**Activity**
From the material below, return exactly the lines starting at the one that holds "High-angle drone shot" and ending at the one that holds "Koristele annos tillillä, kokonaisilla". Pictures stay out of the answer.

**Data excerpt**

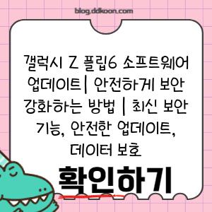 따라서, 안전하고 안정적인 사용 환경을 위해 갤럭시 Z 플립6의 소프트웨어 업데이트를 정기적으로 확인하여 최신 버전으로 업데이트하는 것이 중요합니다.
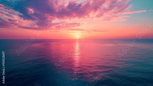 High-angle drone shot of a colorful sunset over the ocean.
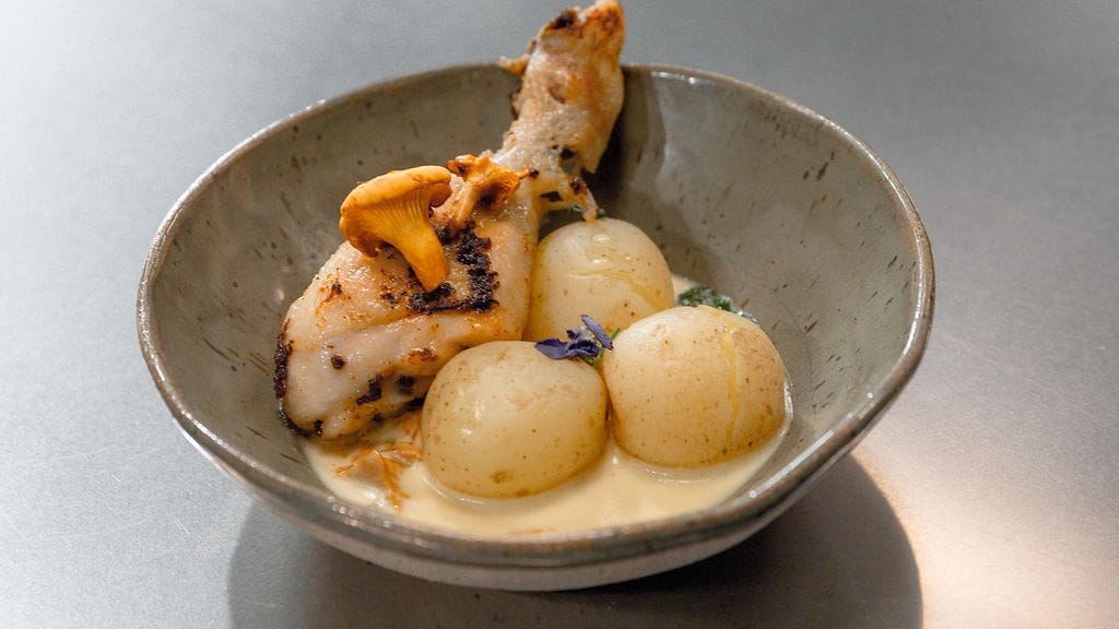 Koristele annos tillillä, kokonaisilla pienillä kanttarelleilla sekä syötävillä orvokeilla.
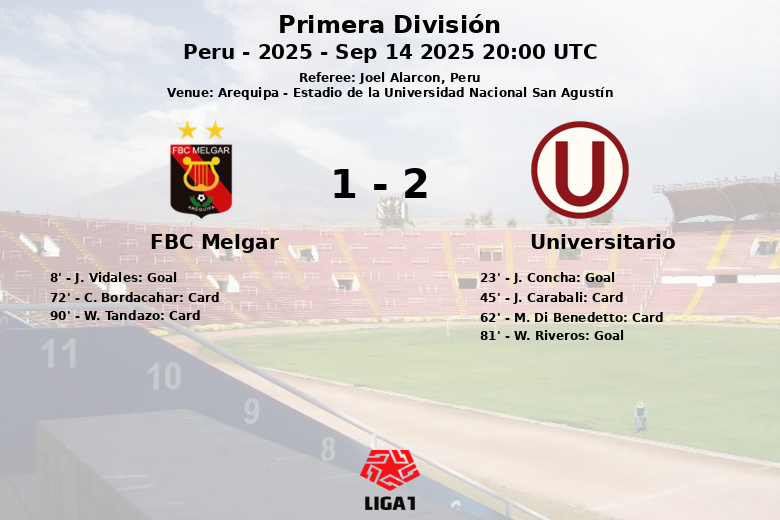 Arequipa fue testigo de un vibrante encuentro entre FBC Melgar y Universitario, válido por la octava jornada del Apertura en la Primera División peruana. El partido, disputado en el Estadio de la Universidad Nacional San Agustín, finalizó con un marcador de 1-2 a favor de los cremas.

**Output of the task**
 High-angle drone shot of a colorful sunset over the ocean.
 Koristele annos tillillä, kokonaisilla pienillä kanttarelleilla sekä syötävillä orvokeilla.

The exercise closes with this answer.